> [Task brief]:
Each line of the records must appear in your answer exactly, with no pictures.

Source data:
####
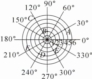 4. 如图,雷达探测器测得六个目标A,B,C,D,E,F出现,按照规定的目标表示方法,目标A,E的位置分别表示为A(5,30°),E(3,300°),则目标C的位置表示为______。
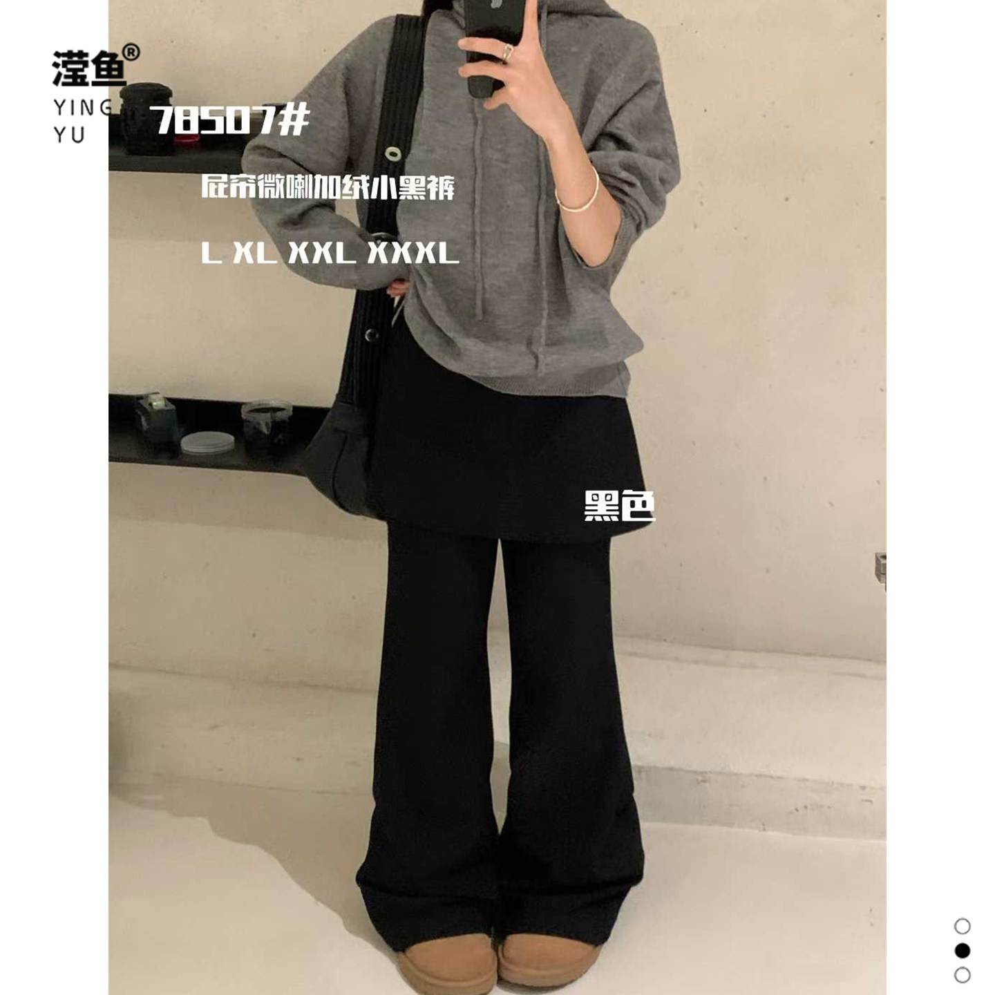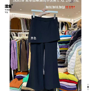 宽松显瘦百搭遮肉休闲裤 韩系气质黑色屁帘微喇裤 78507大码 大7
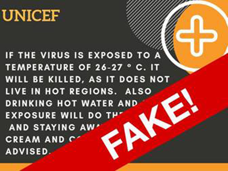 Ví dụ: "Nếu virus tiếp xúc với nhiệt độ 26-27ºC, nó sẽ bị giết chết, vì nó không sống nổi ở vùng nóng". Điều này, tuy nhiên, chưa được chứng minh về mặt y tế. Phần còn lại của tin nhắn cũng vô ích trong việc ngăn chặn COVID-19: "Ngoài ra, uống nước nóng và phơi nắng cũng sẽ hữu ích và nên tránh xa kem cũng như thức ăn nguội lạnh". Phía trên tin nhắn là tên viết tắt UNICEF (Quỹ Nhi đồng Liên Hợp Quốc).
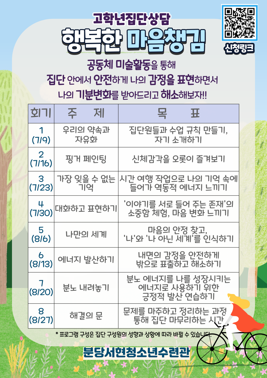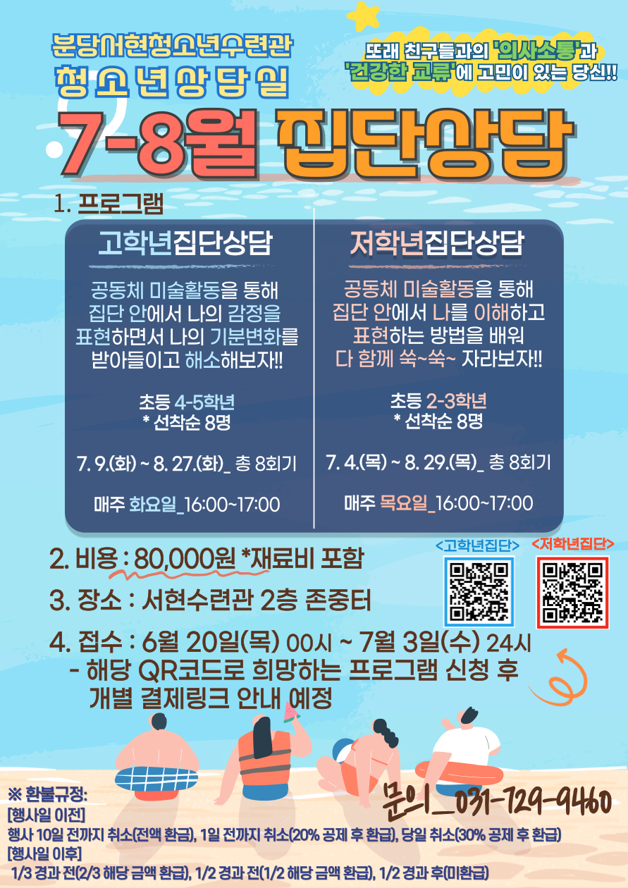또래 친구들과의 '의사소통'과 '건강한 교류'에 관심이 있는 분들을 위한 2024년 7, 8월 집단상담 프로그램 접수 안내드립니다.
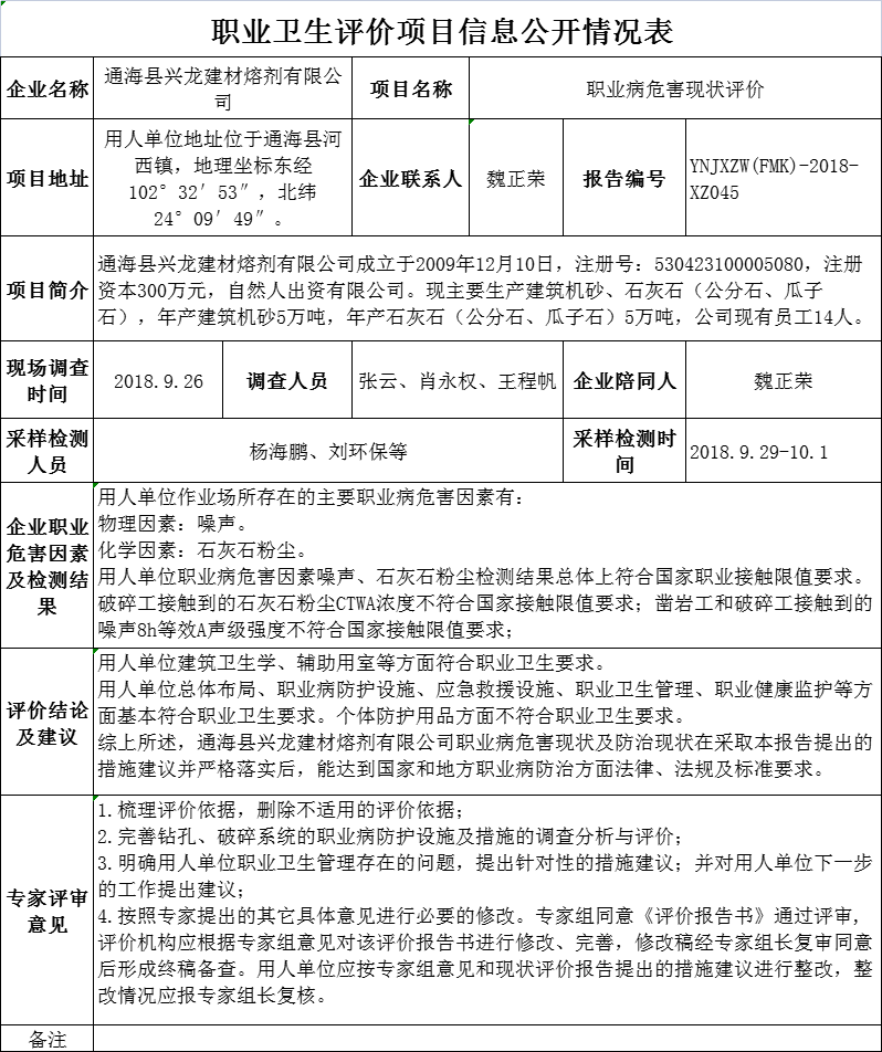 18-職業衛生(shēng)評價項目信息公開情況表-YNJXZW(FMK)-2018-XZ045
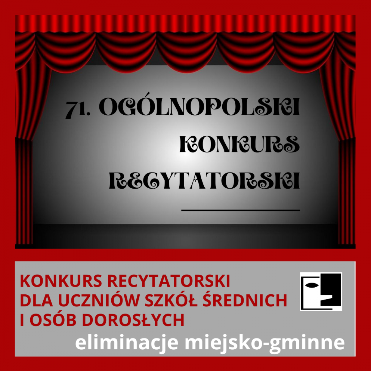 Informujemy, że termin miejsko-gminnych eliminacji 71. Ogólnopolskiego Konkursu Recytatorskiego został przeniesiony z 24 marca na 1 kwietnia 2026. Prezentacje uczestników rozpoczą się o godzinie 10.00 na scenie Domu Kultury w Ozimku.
####
> [Written answer]:
 4. 如图,雷达探测器测得六个目标A,B,C,D,E,F出现,按照规定的目标表示方法,目标A,E的位置分别表示为A(5,30°),E(3,300°),则目标C的位置表示为______。
 宽松显瘦百搭遮肉休闲裤 韩系气质黑色屁帘微喇裤 78507大码 大7
 Ví dụ: "Nếu virus tiếp xúc với nhiệt độ 26-27ºC, nó sẽ bị giết chết, vì nó không sống nổi ở vùng nóng". Điều này, tuy nhiên, chưa được chứng minh về mặt y tế. Phần còn lại của tin nhắn cũng vô ích trong việc ngăn chặn COVID-19: "Ngoài ra, uống nước nóng và phơi nắng cũng sẽ hữu ích và nên tránh xa kem cũng như thức ăn nguội lạnh". Phía trên tin nhắn là tên viết tắt UNICEF (Quỹ Nhi đồng Liên Hợp Quốc).
또래 친구들과의 '의사소통'과 '건강한 교류'에 관심이 있는 분들을 위한 2024년 7, 8월 집단상담 프로그램 접수 안내드립니다.
 18-職業衛生(shēng)評價項目信息公開情況表-YNJXZW(FMK)-2018-XZ045
 Informujemy, że termin miejsko-gminnych eliminacji 71. Ogólnopolskiego Konkursu Recytatorskiego został przeniesiony z 24 marca na 1 kwietnia 2026. Prezentacje uczestników rozpoczą się o godzinie 10.00 na scenie Domu Kultury w Ozimku.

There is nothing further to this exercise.